Transcribe only the lines in the data below falling between the line with "5 応募先 伊万里市民図書館 (学校でまとめて提出すること)" and the line with "One bedroom apartment", including those two lines, and leave out any picture.

### DATA TO PROCESS
:::

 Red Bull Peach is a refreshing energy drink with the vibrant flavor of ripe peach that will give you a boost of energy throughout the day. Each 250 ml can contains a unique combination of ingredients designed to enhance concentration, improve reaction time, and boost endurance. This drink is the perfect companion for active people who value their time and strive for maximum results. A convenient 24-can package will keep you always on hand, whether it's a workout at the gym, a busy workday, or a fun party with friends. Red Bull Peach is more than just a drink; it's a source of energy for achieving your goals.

:::

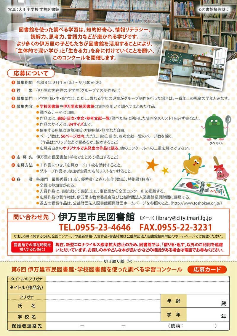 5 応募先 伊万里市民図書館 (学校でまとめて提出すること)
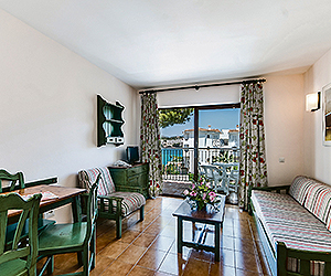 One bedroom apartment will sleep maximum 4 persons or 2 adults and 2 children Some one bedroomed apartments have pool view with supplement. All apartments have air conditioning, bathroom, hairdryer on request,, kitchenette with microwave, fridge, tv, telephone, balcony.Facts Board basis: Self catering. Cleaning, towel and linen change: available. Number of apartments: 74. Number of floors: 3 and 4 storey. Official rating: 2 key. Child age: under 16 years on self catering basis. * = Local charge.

:::

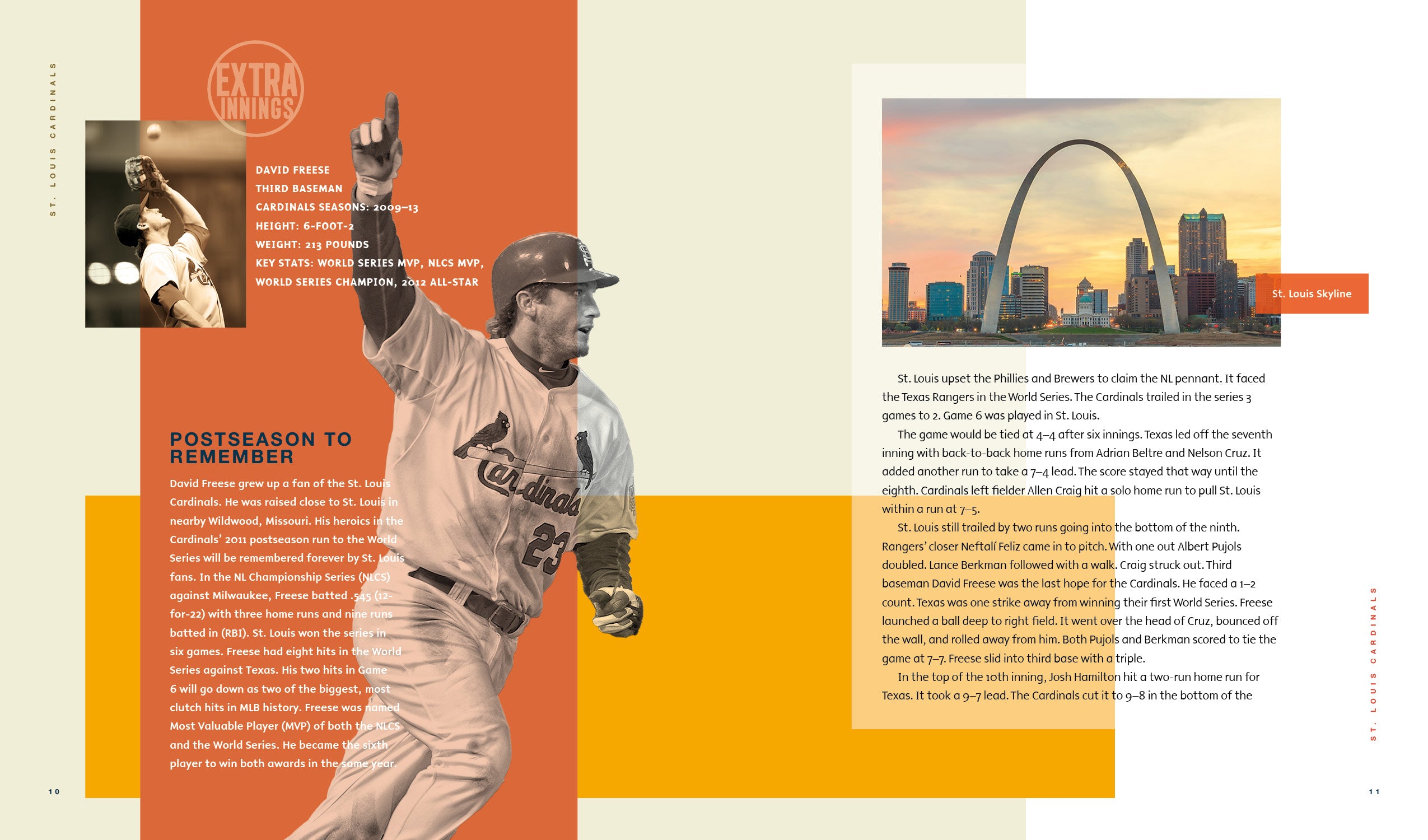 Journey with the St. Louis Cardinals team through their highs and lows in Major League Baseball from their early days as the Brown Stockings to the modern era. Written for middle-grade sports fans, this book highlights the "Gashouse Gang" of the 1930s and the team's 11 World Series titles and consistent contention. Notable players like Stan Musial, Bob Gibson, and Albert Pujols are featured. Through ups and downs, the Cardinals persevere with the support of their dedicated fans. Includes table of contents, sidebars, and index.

:::

### TASK SOLUTION
 5 応募先 伊万里市民図書館 (学校でまとめて提出すること)
 One bedroom apartment will sleep maximum 4 persons or 2 adults and 2 children Some one bedroomed apartments have pool view with supplement. All apartments have air conditioning, bathroom, hairdryer on request,, kitchenette with microwave, fridge, tv, telephone, balcony.Facts Board basis: Self catering. Cleaning, towel and linen change: available. Number of apartments: 74. Number of floors: 3 and 4 storey. Official rating: 2 key. Child age: under 16 years on self catering basis. * = Local charge.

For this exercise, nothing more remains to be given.